The United States’ poor performance is, of course, a direct result of austerity policies and laissez-faire “free trade” ideology. It is also at odds with the true American system of development and maintenance of both “hard” and “soft” infrastructure. Lastly, it is the result of the medical and pharmaceutical industry being allowed to dominate political decisions and the entirety of the healthcare market.

For instance, consider the fact that, in 1946, the U.S. Congress passed a law that was signed by President Truman called the Hill-Burton Act. Hill-Burton was designed to address the inadequacy of the U.S. health care system by working toward the goal of 4.5 beds per 1,000 people. The hospitals were to be built via grants and guaranteed loans.

Although the goal had nearly been reached in the early 1970s, free-market fetishism, Wall Street vulturism, and government collusion succeeded in destroying about 1/3 of the hard-earned “soft” hospital infrastructure. Many of these hospitals were privatized, asset-stripped, and sold off. Others were simply driven out of existence or defunded.

Sadly, in 2014, the United States sunk below the standards set nearly 70 years ago.

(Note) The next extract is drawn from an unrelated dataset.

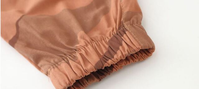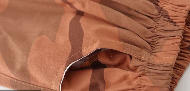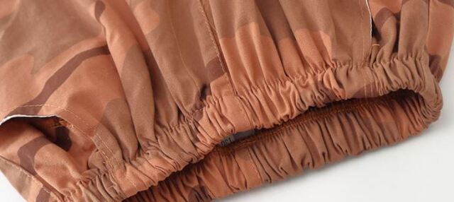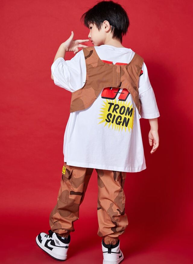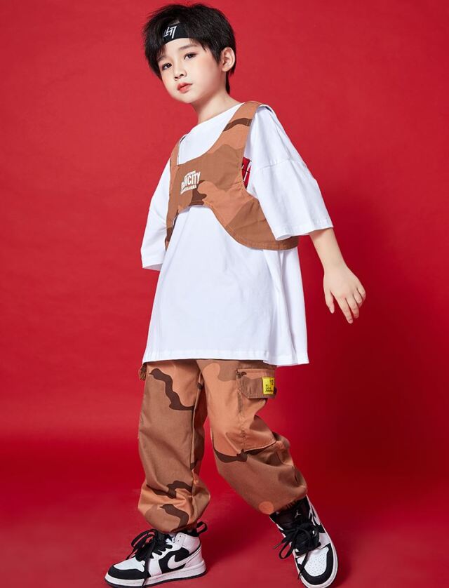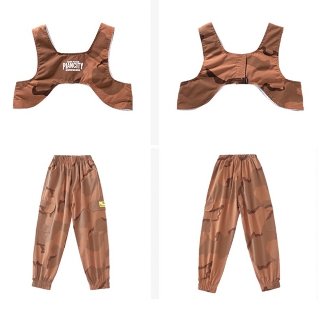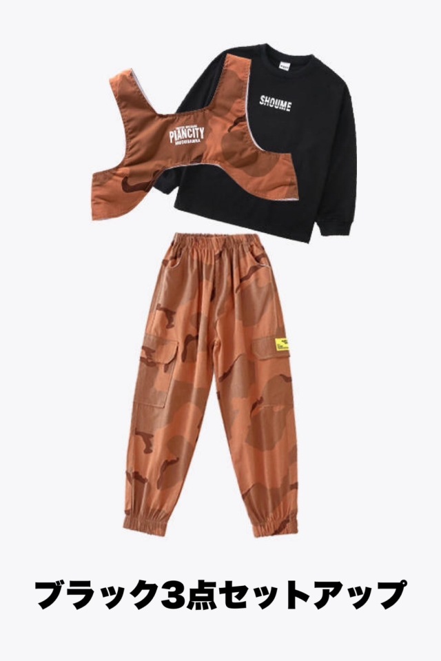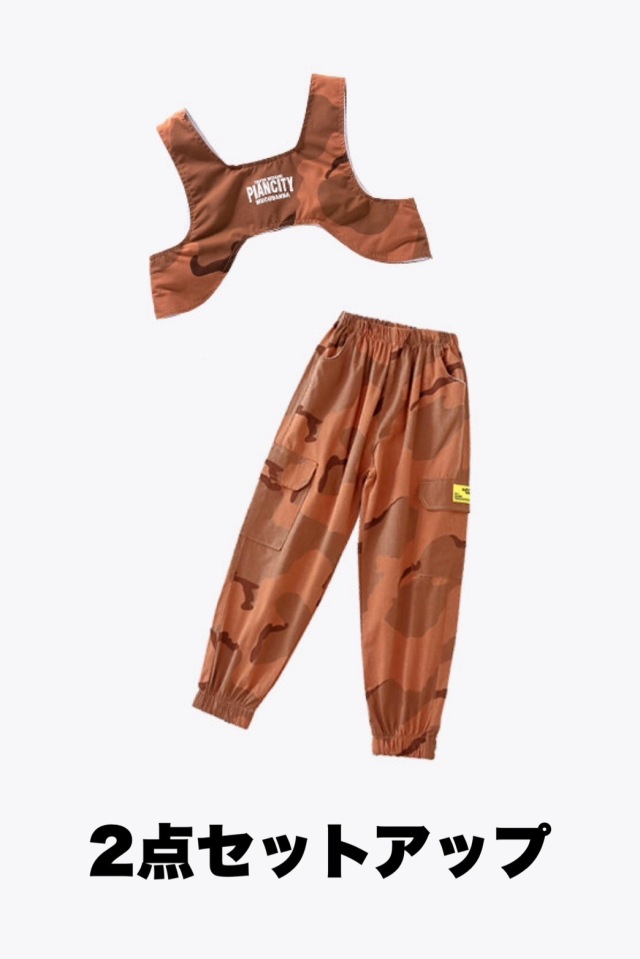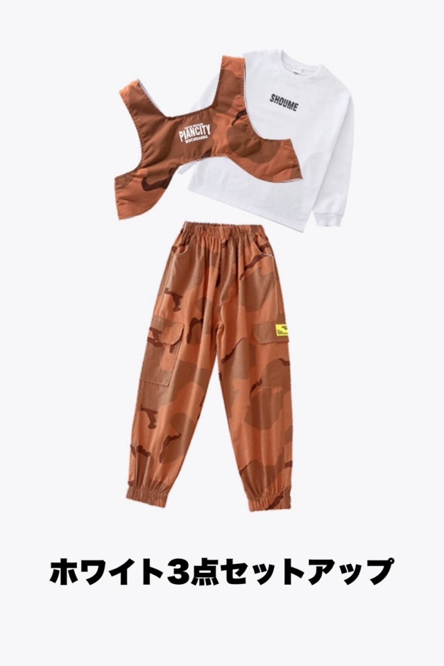 迷彩柄のセットアップで、ホワイト3点セット、ブラック3点セット、2点セットアップから選べます。ベスト、ロングTシャツ、パンツの組み合わせで、ブラウンの茶色系カモフラージュデザイン。110cmから180cmまでの幅広いサイズ展開で、男女兼用。ノースリーブのベストが個性的で、ヒップホップダンスやストリートファッションとして人気。迷彩柄がかっこよく、レッスンから普段着まで活躍します。

This lack of hospital beds is only one aspect of how the United States health system is inadequate. There are many more such as a lack of emergency medical supplies and a lack of well-trained staff. Indeed, despite the cost of education and the alleged greater understanding of disease and treatment, it is clear enough that America’s nursing staff as a whole is vastly inferior to that of 60-70 years ago. Such is also the case with American doctors, trained as soldiers of pharmaceutical companies, niche specialties, and oftentimes their own massive egos.

Not only is the expertise lacking in skill, but hygiene issues are also becoming a problem with American hospitals coming more to resemble the stereotypical “third world” hospitals than anything in the “greatest country in the world.”

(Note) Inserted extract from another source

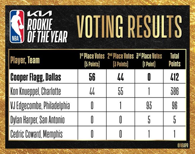 由100名成员组成的全球媒体评审团,投票选出了2025-26赛季起亚NBA年度最佳新秀。弗拉格得到56张第一选票,总分412分,克努佩尔得到44张第一选票,总分386分。本届前两名之间的得分差距为26分,是自2002-03赛季现行投票规则启用以来的历史第二小分差,仅次于2021-22赛季的15分差距(巴恩斯击败莫布利)。

A reliance solely on pharmaceuticals, unnecessary surgeries, a fundamental misunderstanding of many areas of nutrition, poorly educated staff and practitioners, as well as a system whose access is restricted to wealthy by either the “free market” or government-mandated formulas, and a lack of available services leading to increased wait times all combine to spell out a disaster for the American health system. A pandemic of a deadly disease would only serve to fast track that disaster.

Solutions For a Possible Pandemic of Coronavirus

So what are the solutions to a possible pandemic? Certain elements of the American political class have done everything in their power to bring coronavirus into the country via unchecked immigration policies which then allow the virus to be spread, providing a solution in the form of forced vaccination, police states, and forced quarantine. On the other hand, many activists are now finding out that “free market” hands-off solutions are entirely inadequate and unappealing when faced with reality.

Thus, a comprehensive plan of response, treatment, and prevention must immediately be taken into consideration.

1) Immediately halt flights coming from infected countries.

Political correctness, funded and promoted in this instance by George Soros’ Open Society Institute, is not worth the risk of a pandemic.

2) Secure America’s borders.

Again, political correctness is not worth the risk of a pandemic. Open borders, without a doubt, present a threat of the spread of disease.

3) Forget the police state.

Putting aside the question of whether vaccines are safe or effective, the idea of mandatory vaccination or detention for the purposes of quarantine should be dismissed immediately. Violating the rights of an individual for the purposes of stopping a pandemic, handling a national emergency, or to protect the collective is entirely unacceptable. Such is the practice of a totalitarian state. Violating the rights of individuals is the sure sign that a society has ceased to exist as free and/or that it is a participatory/voluntary act working for the benefit of the individual as well as the societal whole. Simply put, there should be no forced or coerced vaccination. There should be no forced or coerced removal and relocation of citizens from their homes for any purposes.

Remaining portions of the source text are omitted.